■ Task details ■
After locating the line with "from their albums." below, output it and each following line exactly, stopping after the line with "Kort Jakke Quiltet". No pictures.

■ Excerpted data ■

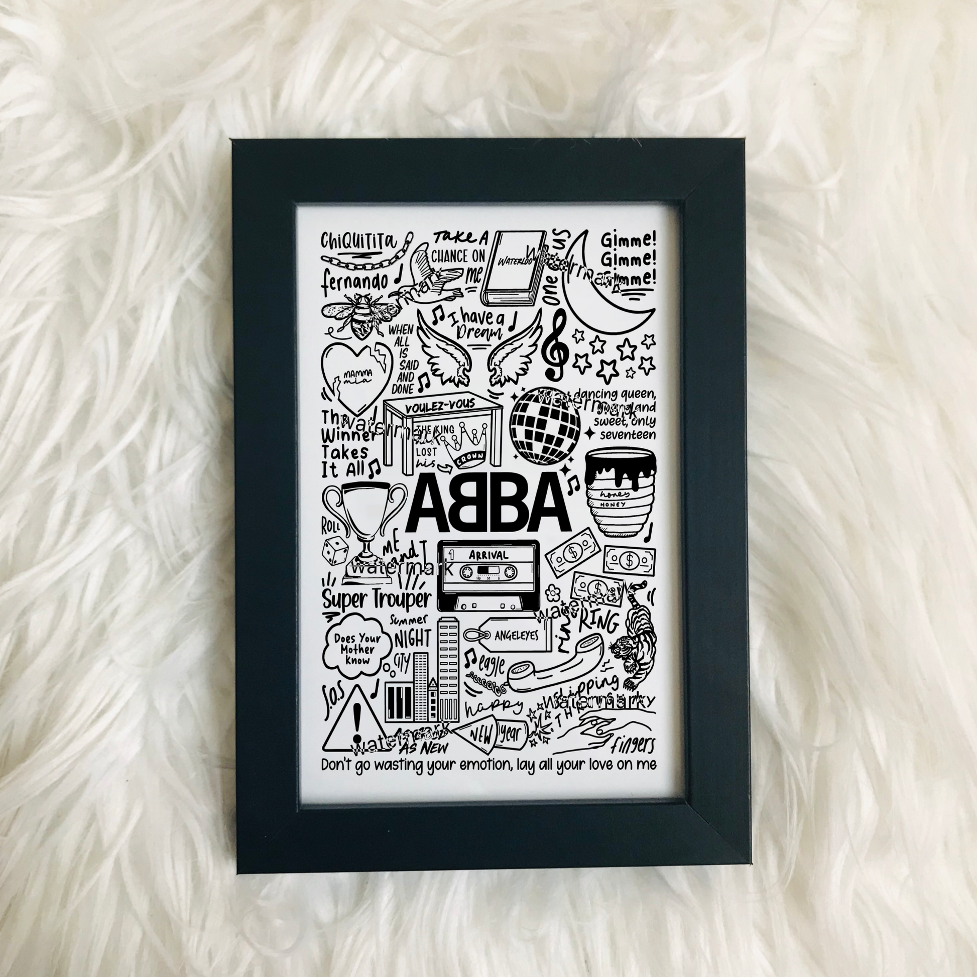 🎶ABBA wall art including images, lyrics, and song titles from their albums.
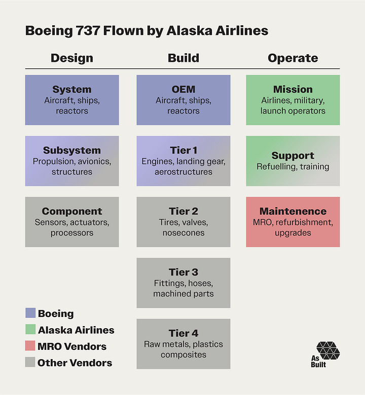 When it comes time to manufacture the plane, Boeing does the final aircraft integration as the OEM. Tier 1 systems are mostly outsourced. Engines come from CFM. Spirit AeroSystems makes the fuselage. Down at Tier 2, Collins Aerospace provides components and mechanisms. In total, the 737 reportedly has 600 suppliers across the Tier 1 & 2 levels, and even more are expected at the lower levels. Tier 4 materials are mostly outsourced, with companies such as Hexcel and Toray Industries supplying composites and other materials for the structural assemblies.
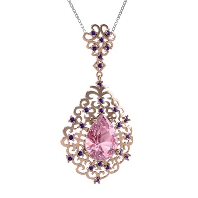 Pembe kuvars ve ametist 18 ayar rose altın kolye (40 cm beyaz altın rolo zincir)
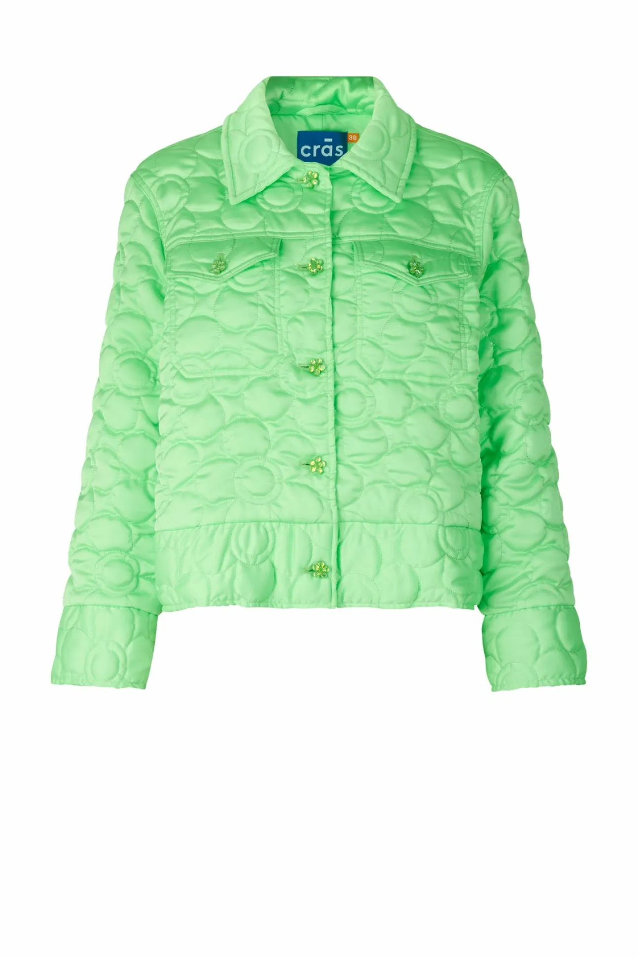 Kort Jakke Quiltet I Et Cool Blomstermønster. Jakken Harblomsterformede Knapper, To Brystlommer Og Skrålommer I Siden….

==

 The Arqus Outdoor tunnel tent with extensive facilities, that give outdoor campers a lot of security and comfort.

■ Finished exercise ■
 🎶ABBA wall art including images, lyrics, and song titles from their albums.
 When it comes time to manufacture the plane, Boeing does the final aircraft integration as the OEM. Tier 1 systems are mostly outsourced. Engines come from CFM. Spirit AeroSystems makes the fuselage. Down at Tier 2, Collins Aerospace provides components and mechanisms. In total, the 737 reportedly has 600 suppliers across the Tier 1 & 2 levels, and even more are expected at the lower levels. Tier 4 materials are mostly outsourced, with companies such as Hexcel and Toray Industries supplying composites and other materials for the structural assemblies.
 Pembe kuvars ve ametist 18 ayar rose altın kolye (40 cm beyaz altın rolo zincir)
 Kort Jakke Quiltet I Et Cool Blomstermønster. Jakken Harblomsterformede Knapper, To Brystlommer Og Skrålommer I Siden….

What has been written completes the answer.